Getting Started with Your First Bruin Pipeline: Chess Data to DuckDB
In this guide, you'll learn how to create a simple pipeline that ingests chess data and stores it in DuckDB using Bruin.
Prerequisites
Before you start, make sure you have the Bruin CLI installed. Get instructions.
Step 1: Initialize Your Pipeline Project
Run the bruin init chess
command to set up your Bruin project using the chess
template. This template brings in the necessary project structure and configuration files for a pipeline specific to chess data.
bruin init chess
After running the command you will see the following folder appear on your project :
chess/
├─ assets/
│ ├─ chess_games.asset.yml
│ ├─ chess_profiles.asset.yml
│ ├─ player_summary.sql
│
├─ .bruin.yml
├─ pipeline.yml
├─ .gitignore
└─ README.md
Step 2: Edit Your .bruin.yml
file
After initializing your project with bruin init
, edit the .bruin.yml
file to configure your environments and connections. This file specifies the default environment settings and connections your pipeline will use.

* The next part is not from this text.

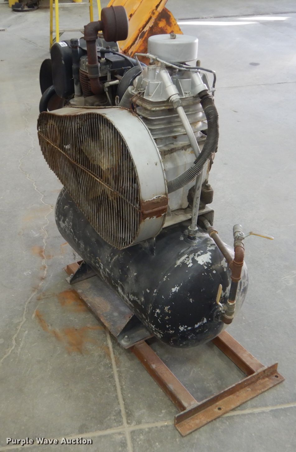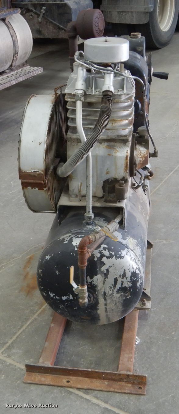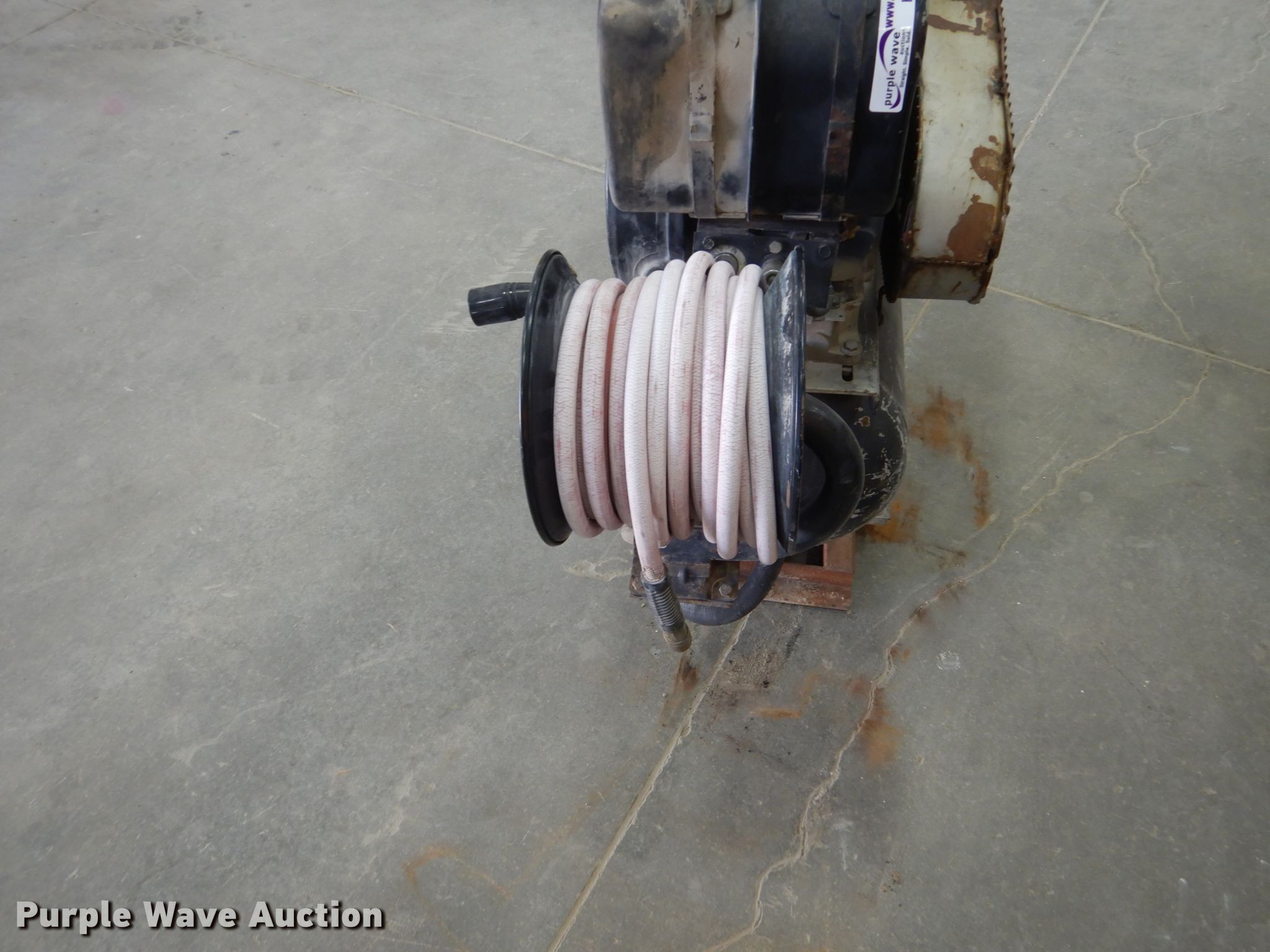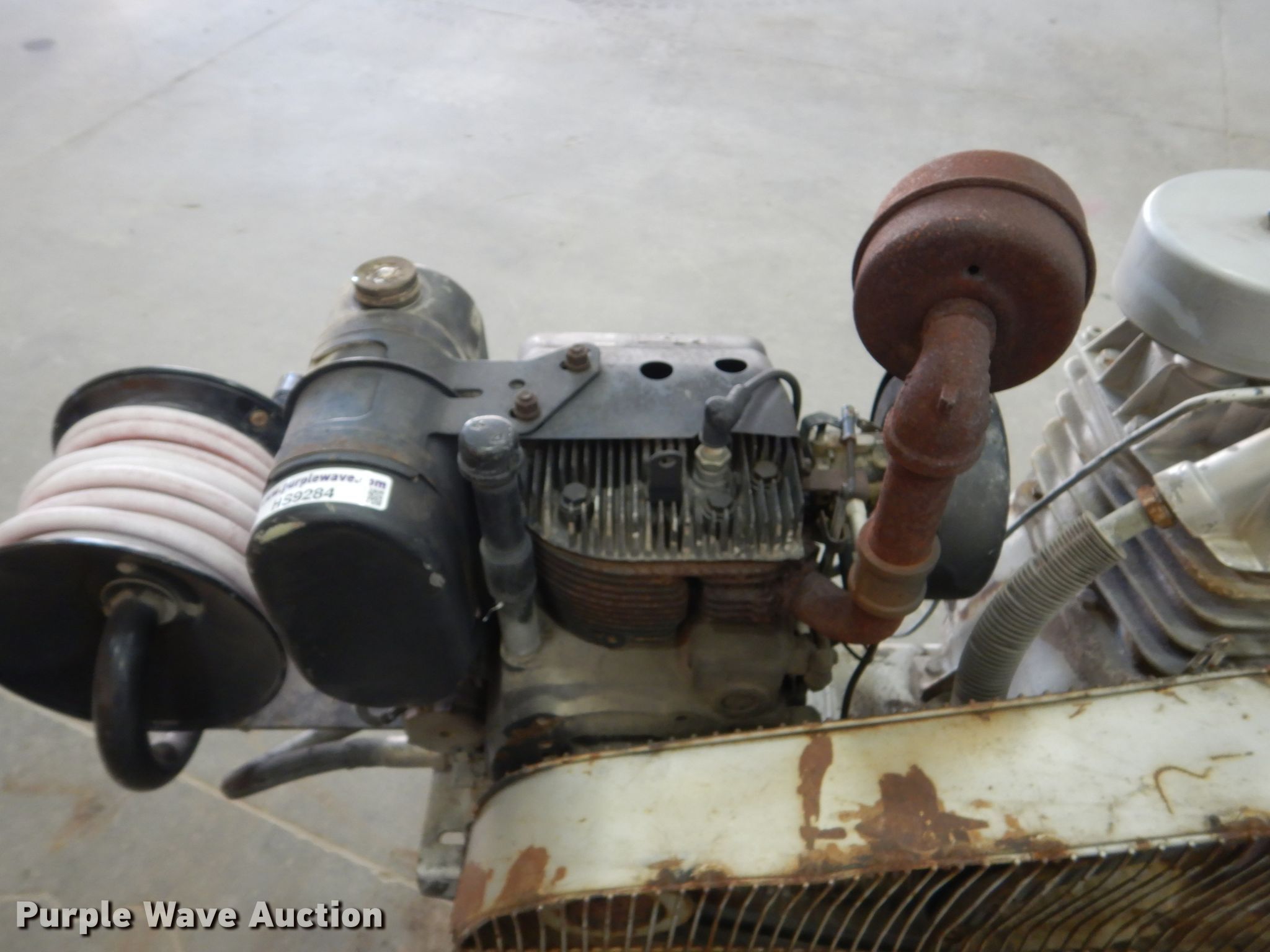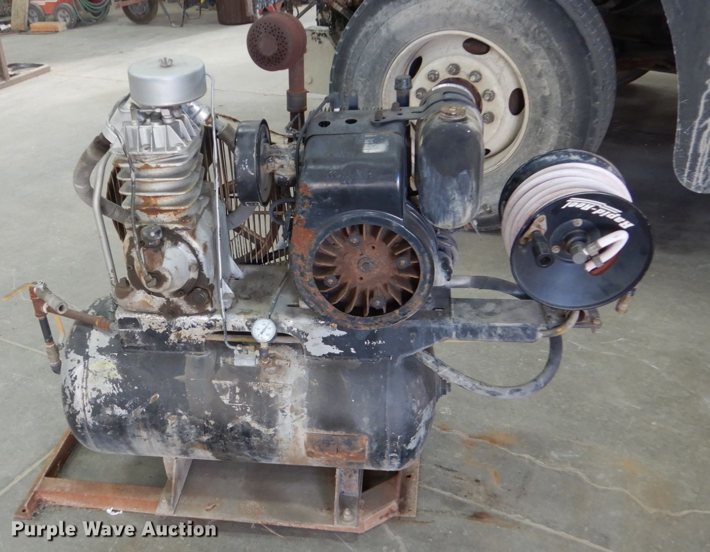 Purple Wave is selling a used Air Compressor in Iowa. This item is a Air compressor pump with the following: Kohler single cylinder gas engine, Hose, Reel

Add or modify the .bruin.yml
file as follows:
default_environment: default
environments:
default:
connections:
duckdb:
- name: "duckdb-default"
path: "duckdb.db"
chess:
- name: "chess-default"
players:
- "MagnusCarlsen"
- "Hikaru"
Step 3: Take a look at your assets
Since we initialized our project with the chess template
, the necessary assets are already included in the assets folder, pre-configured for chess data ingestion. Open this file to take a look at your assets, you should see :
chess_games.asset.yml
: Ingests chess game data from the source connection into DuckDB.chess_profiles.asset.yml
: Ingests player profile data from the source connection into DuckDB.player_summary.sql
: A SQL asset that creates a summary table of player statistics, aggregating game results, wins, and win rates for each player based on the ingested data.
INFO
What is an Asset?
An asset in Bruin is a configuration that details specific data processing tasks, such as ingestion, transformation. Learn more about Bruin assets.
Step 4: Check Your pipeline.yml
file
Just like in Step 3, the pipeline.yml file also comes pre-configured for our task, and it follows this structure:
Example pipeline.yml
:
name: chess_duckdb
default_connections:
duckdb: "duckdb_default"
chess: "chess_connection"
INFO
What is a Pipeline?
A pipeline is a group of assets that are executed together in the right order. Learn more about Bruin Pipelines.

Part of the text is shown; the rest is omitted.